Data section –
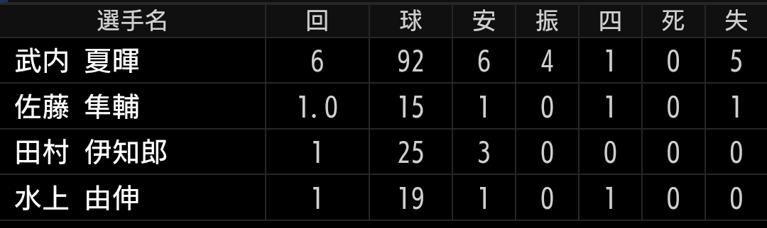 試合を壊しはしませんでしたが、試合を決められる失点です。ただ、武内投手が打たれ出した時点で準備していたのが、佐藤隼、田村投手と敗戦処理投手でしたし、首脳陣の目論見通りと言えばそうなのですが。。。
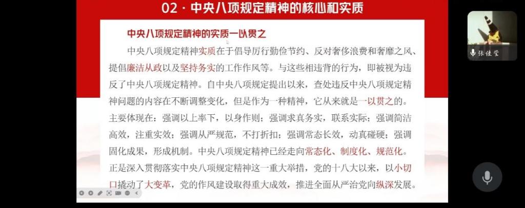 会议集中学习了中央八项规定及其实施细则,深入分析其核心要义和现实意义。学生党员张佳莹作为党员代表分享学习心得。
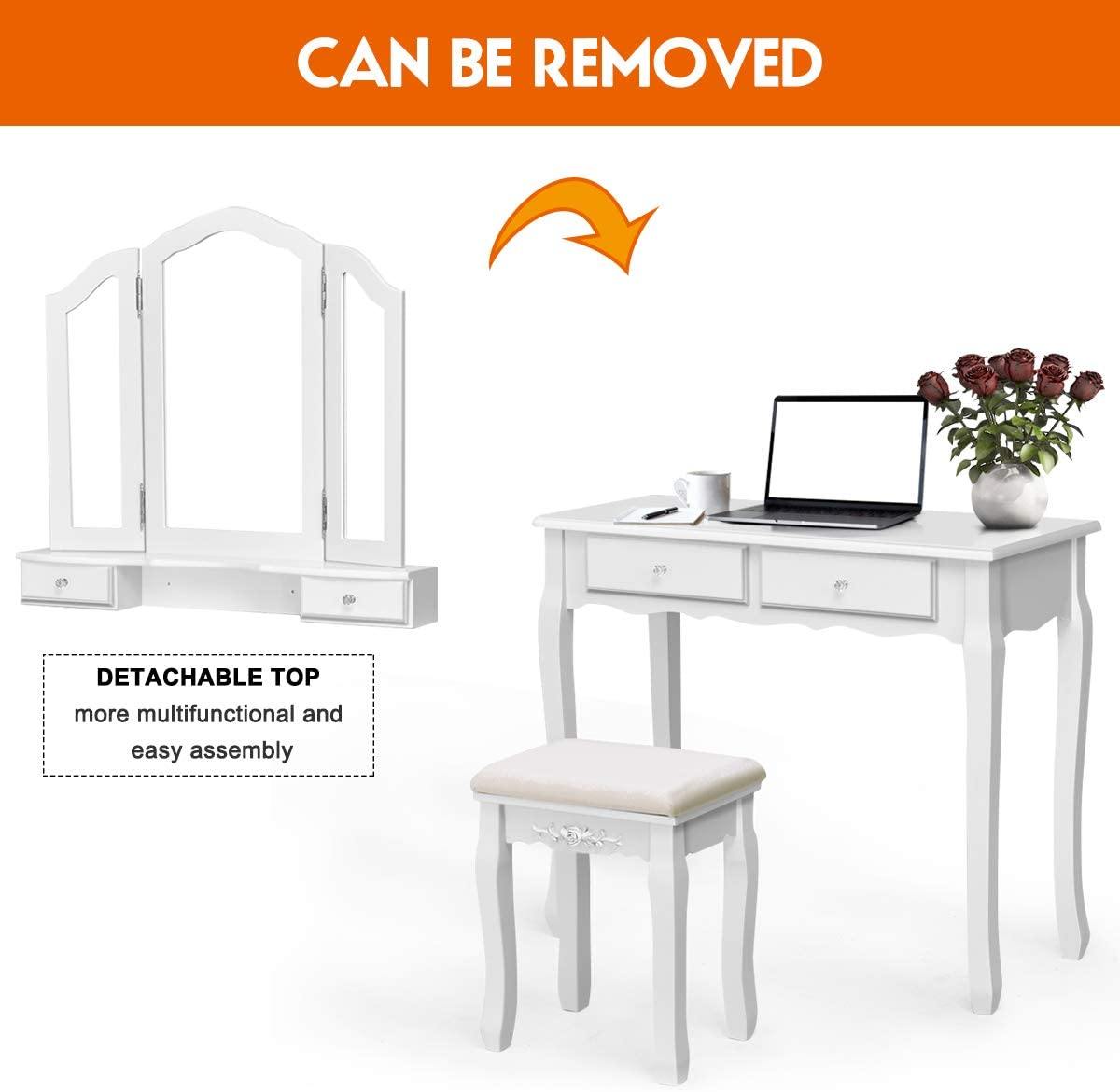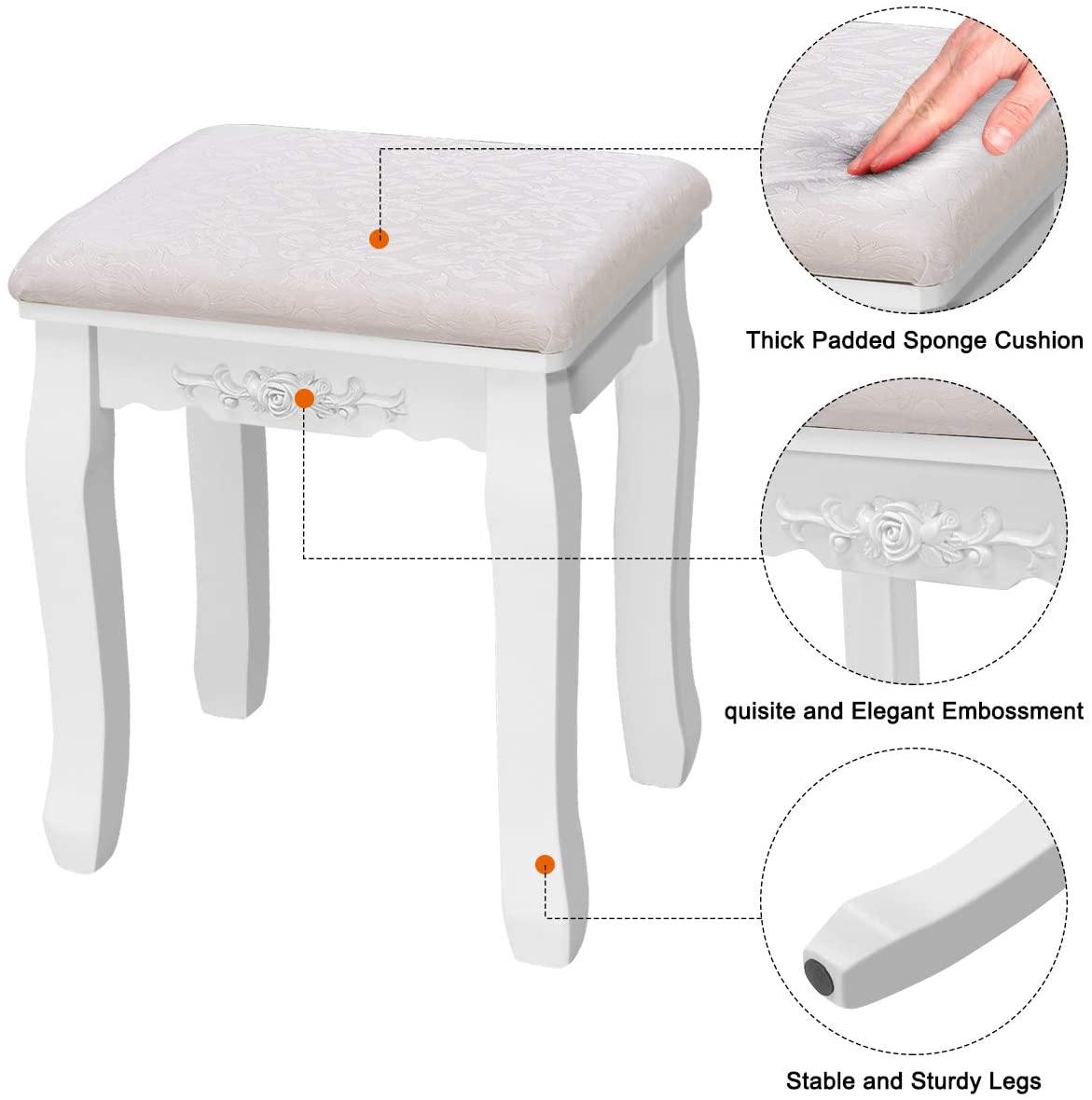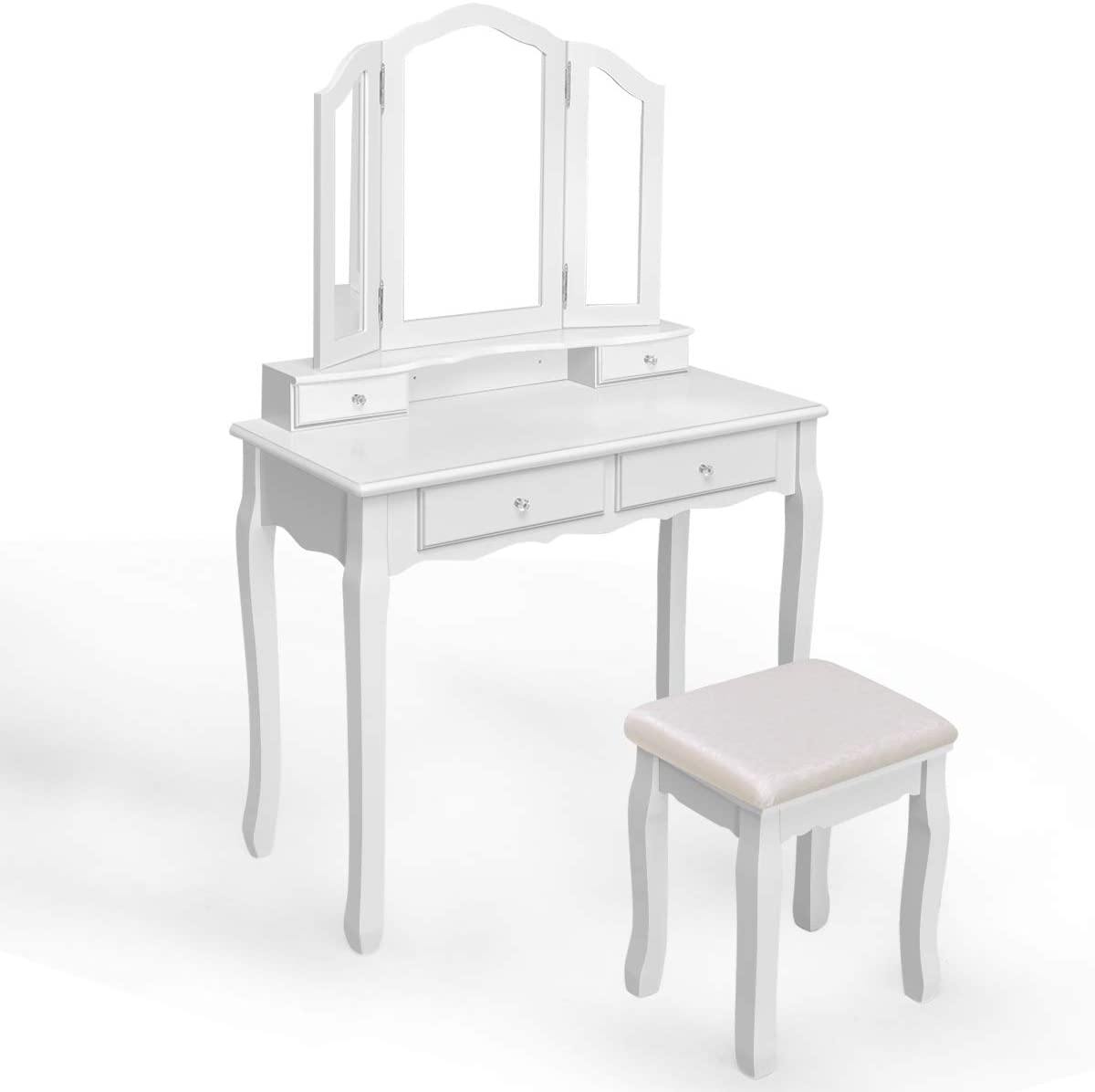 Are you looking for forward to owning a wonderful dressing table set? Come and have a look at our glamorous dressing table set! It will be a fantastic product that let you realize your princess dream. It is has a white appearance, which makes it look elegant. It can be a fine display of your room. This dressing table set includes a mirrored dressing table with four drawers and a stool. One of the biggest characteristic of this dressing table set is that it has three square mirrors. How special it is! You can well make yourself up in front of them. And the stool has a really comfortable top. When you are sitting on it and dressing yourself, you will feel that it's really an enjoyment. The table with mirror and drawers is of great value. A lot of things can be stored in the four storage drawers and the spacious table top. For example, your makeup, jewelries, accessories, ornaments and other things. Made of wood and MDF, our product is stable and can serve you for a long time. What a perfect dressing table set! Don't hesitate! Come and buy one!

Work instruction –
Copy the whole listing exactly, excluding the pictures in it.

Result below –
 試合を壊しはしませんでしたが、試合を決められる失点です。ただ、武内投手が打たれ出した時点で準備していたのが、佐藤隼、田村投手と敗戦処理投手でしたし、首脳陣の目論見通りと言えばそうなのですが。。。
 会议集中学习了中央八项规定及其实施细则,深入分析其核心要义和现实意义。学生党员张佳莹作为党员代表分享学习心得。
 Are you looking for forward to owning a wonderful dressing table set? Come and have a look at our glamorous dressing table set! It will be a fantastic product that let you realize your princess dream. It is has a white appearance, which makes it look elegant. It can be a fine display of your room. This dressing table set includes a mirrored dressing table with four drawers and a stool. One of the biggest characteristic of this dressing table set is that it has three square mirrors. How special it is! You can well make yourself up in front of them. And the stool has a really comfortable top. When you are sitting on it and dressing yourself, you will feel that it's really an enjoyment. The table with mirror and drawers is of great value. A lot of things can be stored in the four storage drawers and the spacious table top. For example, your makeup, jewelries, accessories, ornaments and other things. Made of wood and MDF, our product is stable and can serve you for a long time. What a perfect dressing table set! Don't hesitate! Come and buy one!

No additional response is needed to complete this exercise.